Addition: In short, use the flexible types that MongoDB offers, and don't worry about data redundancy. Embed documents often and don't forget the indexes.

Modeling products with vastly different sets of needed-to-know information and linking them to lineitems?

I'm currently working on a site that sells products of varying types that are custom manufactured. I've got your general, standard cart schema: Order has many LineItems, LineItems have one Product, but I've run into a bit of a sticking point:
Lets say one of our products is a ball, and one of our products is a box of crayons.
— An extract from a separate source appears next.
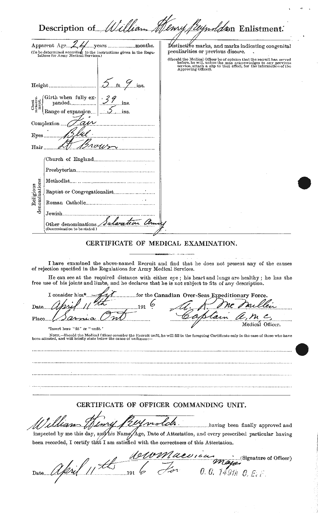 Attested to the 149th Battalion. With two attestation numbers: 845188 and 845197. Note that burial records are under service number 845197. He was discharged from service at Camp Borden and appears to have re-enlisted.
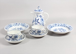 Kaffeégedeck, MEISSEN, Mitte 20.Jhd., 2 Kuchenteller (II. Wahl), D = 18 cm; 2 Tassen, D = 8 cm, mit Untertassen, D = 12,8 cm; 1 Kännchen (II. Wahl), H = 17 cm, blaues Zwiebelmuster unter Glasur, gut erhalten !

While people are creating their order, we end up creating items that could be represented by some psuedocode:
Ball:
attributes:
diameter: decimal
color: foreign_ref_to Colors.id
material: foreign_ref to Materials.id
CrayonBox:
attributes:
width: decimal
height: decimal
front_text: string
crayons: many_to_many with Crayon
...
Now, these are created and stored in our db before an order is made. I can pretty easily make it so that when an item is added to a cart, we get a product name and price by doing the linking from Ball or CrayonBox in my controller and generating the LineItem, but it would be nice if we could provide a full set of info for every line item.
I've thought of a few possible solutions, but none that seem ideal:
One: use an intermediary "product info" linking table, and represent different products in terms of that, so we'd have something like:
LineItem
information: many_to_many with product_information
...
ProductInformation:
lineitem: many_to_many with line_item
name: string
value: string
ProductInformation(name='color', value=$SOMECOLOR)
ProductInformation(name='color', value=$SOMEOTHERCOLOR)
...
The problem with this is that the types of data needed to be represented for each attribute of a product does not all fall under the same column type. I could represent everything with strings, but $DEITY knows I don't even come close to thinking that's a good solution.
The other solution I've thought of is having the LineItem table have a foreign key to each table that represents a Product type. Unfortunately, this means I would have to check for the existence of each foreign key in my controller. I don't like this very much at all, but I like it marginally better than stuffing every piece of data into one datatype and then dealing with all the conversion stuff outside of the DB.
One other possible solution would be to store the tablename of the product data in a column, but that can't possibly be a good thing to do, can it? I lose the capability of the db to link stuff together, and it strikes me as akin to using eval() where it's not needed -- and we all know that eval() isn't really needed very often.
I want to be able to say "give me the line item, and then the extended info for that line item", and have the correct set of information for various product types.
So, people who actually know what they're doing with database schema, what should I be doing? How should I be representing this? This seems like it would be a fairly common use case, but I haven't been able to find much info with googling -- is there a common pattern for things like this? Need more info? This can't possibly be outside of the realm of "you can use a RDBMS for this", can it?
Edit: I'm now fairly certain that what I want here is Class Table Inheritance. with an alias in my individual models to "normalize" the link followed to the "info" table for each product type. Unfortunately, the ORM I'm kinda stuck using for this (Doctrine 1.2) doesn't support Class Table Inheritance. I may be able to accomplish something similar with Doctrine's "column aggregation" inheritance, but egh. Anyone think I'm barking way up the wrong tree? I looked over EAV, and I don't think it quite fits the problem -- each set of information about different products is known, although they might be very different from product type A to product type B. The flexibility of EAV may be nice, but it seems like an abuse of the db for a problem like this.
It strikes me that this is a perfect fit for the likes of CouchDB / MongoDB which allow every 'row' to contain different attributes, yet permits indexed lookups. It should be fairly straightforward to build a hybrid structure using MySQL for the rigid relational parts and 'nosql' for the parts of varying shape.
Take a look at this discussion.
Assumptions:
You have some specific products you're selling. I.e., you know you're selling crayons, but not spatulas. The customer doesn't come to your site and try to order a product you've never heard of.
The products you're selling have a pre-existing set of attributes. I.e., crayons have color; crayon_boxes have width, height, crayons... The customer doesn't come to your site and try to specify the value for an attribute you've never heard of.
One way to do this (if you're a RBDM purist, please close your eyes now until I tell you to open them again) is to use an attribute string. So the table would be like this:
Products
+ ProductName
+ ProductAttribute
And then a sample record would be like this:
Product Name = "Crayon Box"
Product Attribute = "Height:5 inches;Width:7 inches"
With something like this, parse the name/value pairs in or out as necessary.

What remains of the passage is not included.